4.4 The Timed-CAA-DRIP implementation framework

4.4.2 Run-time support

Once the software system has been deployed and started, the main objective of Timed-CAA- DRIP is to give run-time support to allow the CAAs composing the software system behave as expected. This section describes the internal executions performed by the implementation framework to achieve this expected behaviour. It is worth noting that the way the executions are performed depend not only on whether the CAA has time constraints or not, but also if an exception takes place in one of its roles during the execution. Hence, the description of the Timed-CAA-DRIP internal executions are divided among those required to execute a (normal or non-timed) CAA, a timed CAA and those that take place when dealing with an exception.

4.4.2.1 CAA execution

The activation of a CAA is considered as the process that begins when at least one participant enters into the CAA to play one of its roles. This process (i.e. the activation of the CAA) is

148 4. The Timed-CaaFWrk conceptual framework

completed once all the required participants have entered into the CAA, and the latter is ready to play their respective roles.
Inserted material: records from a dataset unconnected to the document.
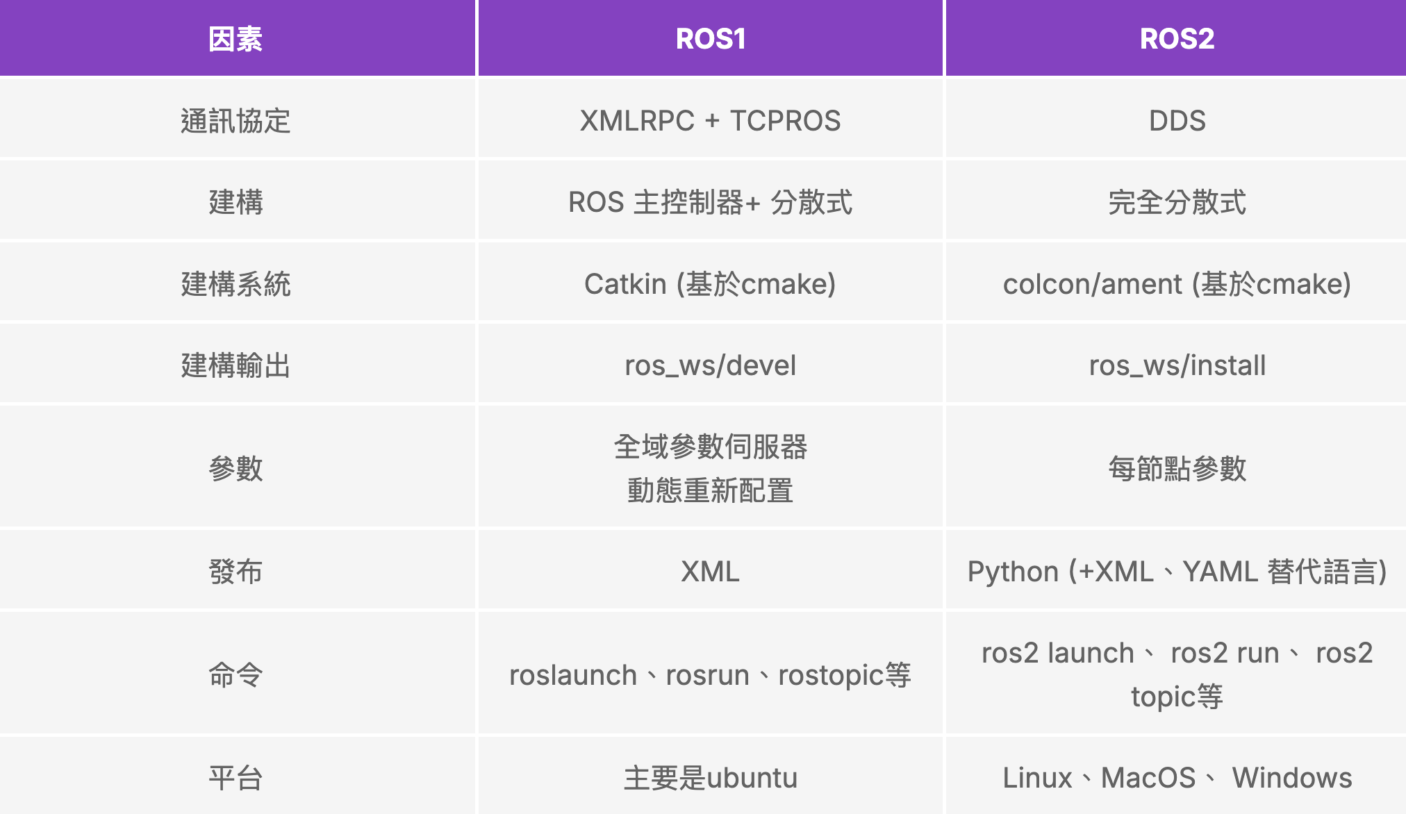 表 1. ROS1 和 ROS2 的主要差異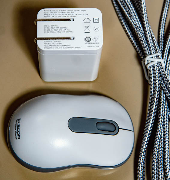 コンパクトなAC電源アダプタと小型無線マウス
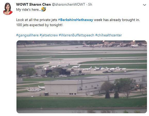 行:奥马哈的Eppley Airfield机场预计,今年股东大会周末将迎来更多的客流量。机场管理局航空服务和业务发展总监Steve McCoy表示,周四到下周一进出奥马哈的飞机客座数量比去年同期增长12%,可能达到创股东大会历史纪录的10.3219万个,进出奥马哈的航班数量增加近8%。达美航空为今年股东大会周末新增了6000多个客座,较去年同期增长14%。同时,这个周末预计有超过100架次的私人飞机降落在奥马哈机场。
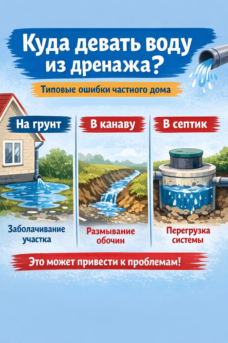 Если коротко, дренаж без понятного сброса — это не законченная система, а только половина работы. Самые типовые ошибки частного дома здесь простые: вывести воду в слабую яму, на неверный рельеф, в перегруженный общий узел или в точку, которая красиво выглядит только до первого серьёзного дождя.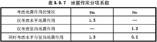 式中 γEh、γEv——水平、豎向地震作用的分項系數(shù),應(yīng)按表3.0.7的規(guī)定采用;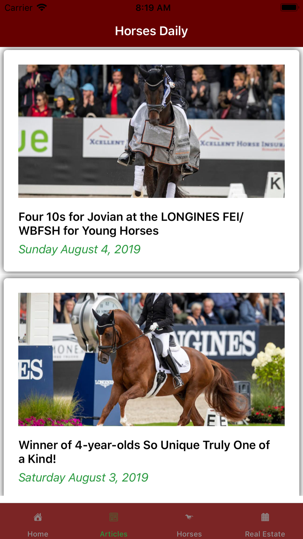 HorsesDaily.com (est 1997) is one of the oldest websites on equestrian sport. Bringing news, show reports, training tips, horses for sale, equestrian real estate and media marketing for the equestrian world.
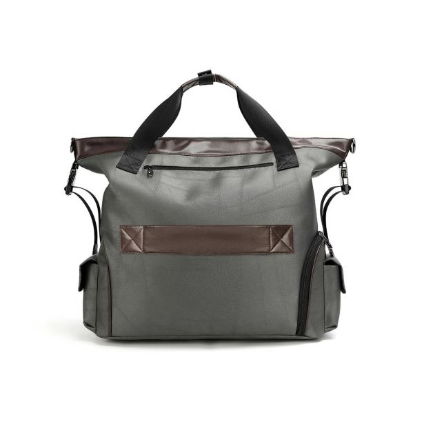 Na straneh torbe so ergonomsko postavljeni elegantni žepi, črni trakovi z rjavo usnjeno obrobo pa ne le estetsko dopolnjujejo obliko, ampak tudi funkcionalno prispevajo k privlačni obliki stranic torbe. Dodatni stranski žep z zadrgo na eni strani pa dodatno izboljša uporabnost.

There exist two ways of requesting the activation of a CAA: the composite and nested ways. When calling a CAA in a composite manner, a single participant is required to achieve both the activation and execution of this CAA, since the implementation framework will, according to the allocation policy specified, locate the necessary participants. This activation is achieved by calling the method executeAll of the particular CAA that wants to be executed.

Conversely, when calling a CAA in a nested manner, such an allocation does not take place, since the participant to be used is the same that requests the activation of the CAA. Notice that in the case of nesting, a participant requests the activation of the CAA that wants to be executed by calling the method execute(r,caa), where r is the role to be played by the calling participant into the CAA of name caa. To succeed in the activation of this CAA, there must be as many participants requesting the activation of the CAA caa as roles it has.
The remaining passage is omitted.